I’ve made a lot of trips this year to out-of-the-way locations in the name of good food. I drove two hours along Sweden’s western coast just to eat oysters. I drug four members of my Baja sailing crew two miles up a dark road in Cabo San Lucas in search of authentic Mexican food. And last weekend my grandmother convinced us to go on a twisting drive up the side of a mountain for a barbecue sandwich.

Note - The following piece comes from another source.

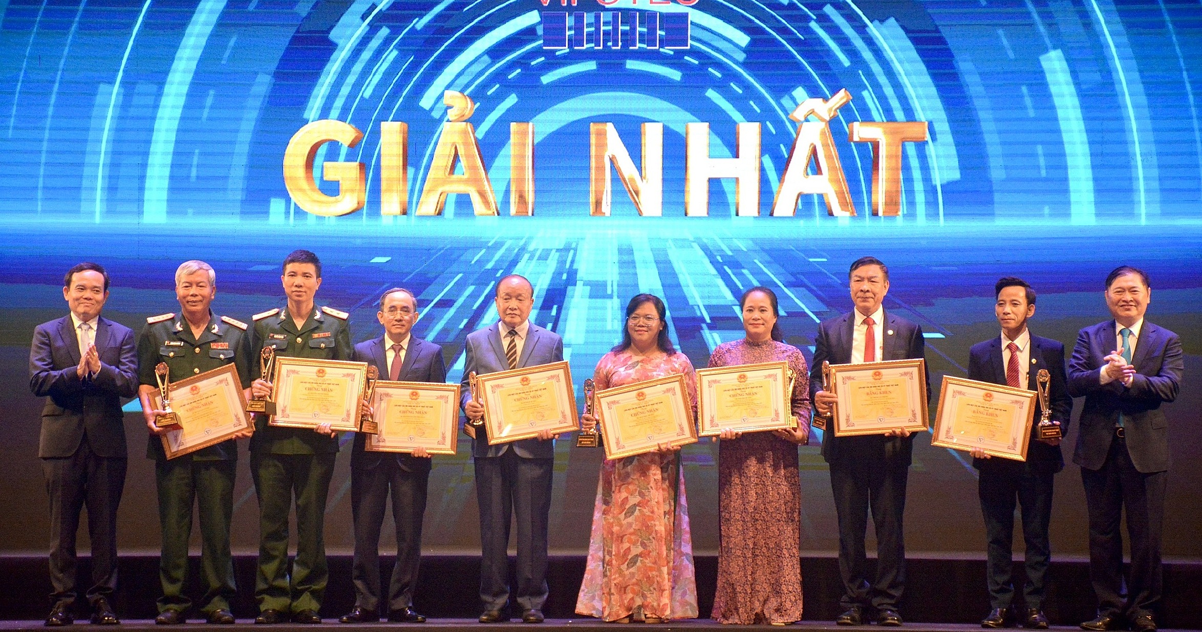 Phó thủ tướng Trần Lưu Quang (bìa trái) và TSKH Phan Xuân Dũng (bìa phải) trao bằng khen cho các tác giả công trình đoạt giải nhất. Ảnh: La Duy

I must admit, eating barbecue at an old stagecoach stop turned biker hangout sounded gimmicky. It was my grandmother’s idea, but she doesn’t eat red meat. Although she claimed my grandfather said it was the best tri-tip sandwich ever, he had no recollection of this. But when my grandmother calls the shots, you do as she says. So my parents, grandparents and I all packed into the car and drove from Buellton to Cold Spring Tavern to meet my second cousin and his wife, who were driving from L.A.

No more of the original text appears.